Неприятнейшим образом вел себя Сычов, мой предшественник. Со мной он здоровался насмешливо, словно говорил: вот что ты наделал, сосунок. Жизнь-то человеческая, и ответ за нее — не песенки петь. При мне, мол, такого не было… Теперь он часами просиживал на корточках у дверей тира. Возле него останавливались станичники, о чем-то говорили, качали головами и поглядывали при этом через дорогу на мои окна…
Не знаю, что бы я делал, не будь рядом Ксении Филипповны и Коли Катаева.
— Хватит киснуть, Дмитрий Александрович, — сказала мне как-то Ракитина. — Знаешь, если брать на себя все грехи, то небо с овчинку покажется. Конечно, разные несознательные элементы болтать будут. Как говорится, на чужой роток не накинешь платок… Но ты не поддавайся. Себя извести легче всего.
Зашел и Коля Катаев. Мы пораскинули, кого определить Славке Крайнову в «опекуны».

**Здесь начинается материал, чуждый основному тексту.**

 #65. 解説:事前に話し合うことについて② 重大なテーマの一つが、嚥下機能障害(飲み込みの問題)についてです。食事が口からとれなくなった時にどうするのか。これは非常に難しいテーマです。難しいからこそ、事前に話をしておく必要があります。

— Как-то надо по-человечески, — ершил свой чуб комсомольский секретарь. — А то как же получается — формально свести его с кем-нибудь: вот, мол, тебе общественный воспитатель. И пойдет вся механика насмарку.
— Верно, — подтвердил я, — пацан и так напуган.

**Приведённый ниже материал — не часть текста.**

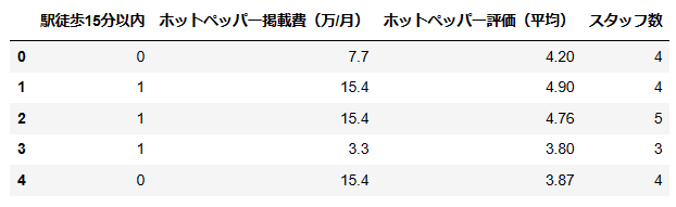 X_modified = df[['駅徒歩15分以内', 'ホットペッパー掲載費(万/月)', 'ホットペッパー評価(平均)', 'スタッフ数']]

— Что, если их подружить с Чавой, то есть с Сергеем Денисовым?
Я пожал плечами:
— А чему он его научит?
Коля рассмеялся:
— И ты туда же… Э-эх, товарищ инспектор! Пора бы людей изучить. Для тебя, если цыган, то…
— Ерунда! Я говорю об образовании Денисова. Ну это самое, кругозоре.

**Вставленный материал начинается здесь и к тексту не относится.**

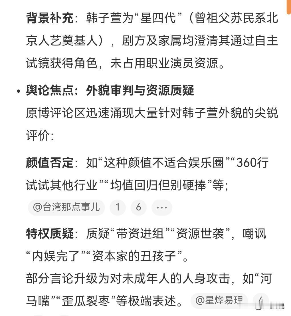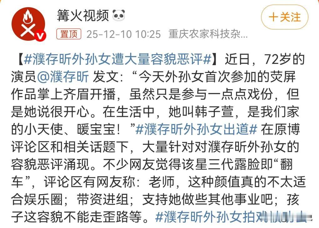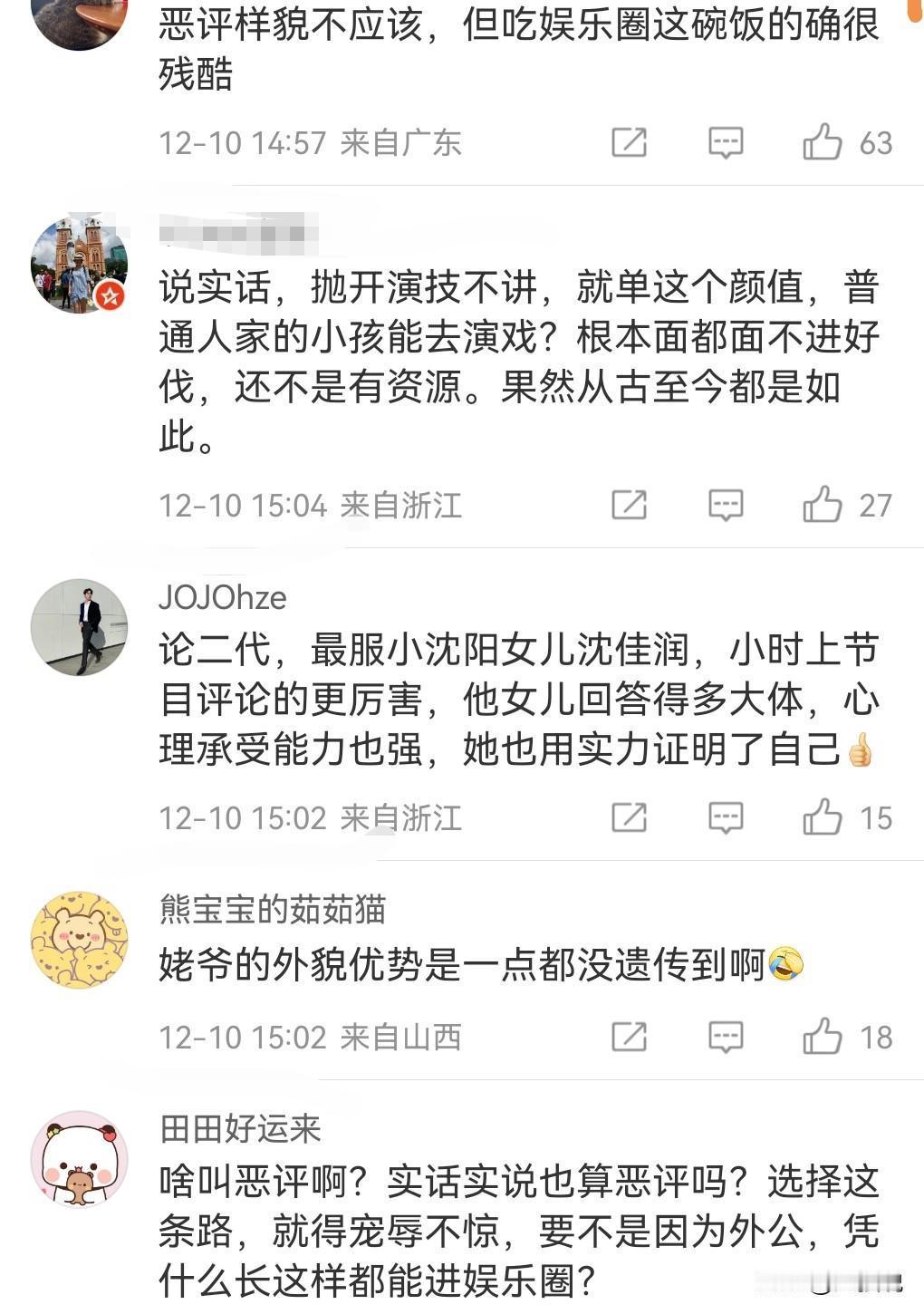 每个人都有表达自己观点的权利。 只要不是特离谱,都是能够接受。 濮存昕外孙女遭大量容貌恶评。 有人质疑,这就是个关系户,机会给她了,真正会演戏长得好的的就失去了一个机会。 不过也有人认为只要能演好就行了,颜值不重要。 可以质疑,但最好不要人身攻击。 如果有一说一,娱乐圈也是讲关系的。

— Серега — заводной парень. Природу, животных любит. Поет, танцует.
Уж лучше бы он об этом не вспоминал. Серьезно выступать против Чавы нельзя. Еще заподозрят, что из-за библиотекарши.
— Денисов, Денисов… Может быть, ты и прав.
— Конечно! — подхватил Коля. — Главное сейчас что? Увлечь чем-нибудь пацана. А образование ему школа даст. Пока лето, Крайнов может походить у Сереги подпаском.
— Пойдет он тебе в пастухи, держи карман шире! Городской.
— А знаешь, что мне Славка сказал? — продолжал Катаев. Он-то, видно, сразу почувствовал, что по-человечески с пацаном я так еще и не поговорил. — Там, в городе, голубятню он хотел соорудить. Очень увлекается этим делом. Построили они с дружками голубятню на крыше своего девятиэтажного дома, а их домоуправ погнал. Вид, говорит, современный портит. Вот и обидели мальцов. Я понимаю, что это был только повод для побега. А все-таки, значит, лежит у него душа к живому, к природе.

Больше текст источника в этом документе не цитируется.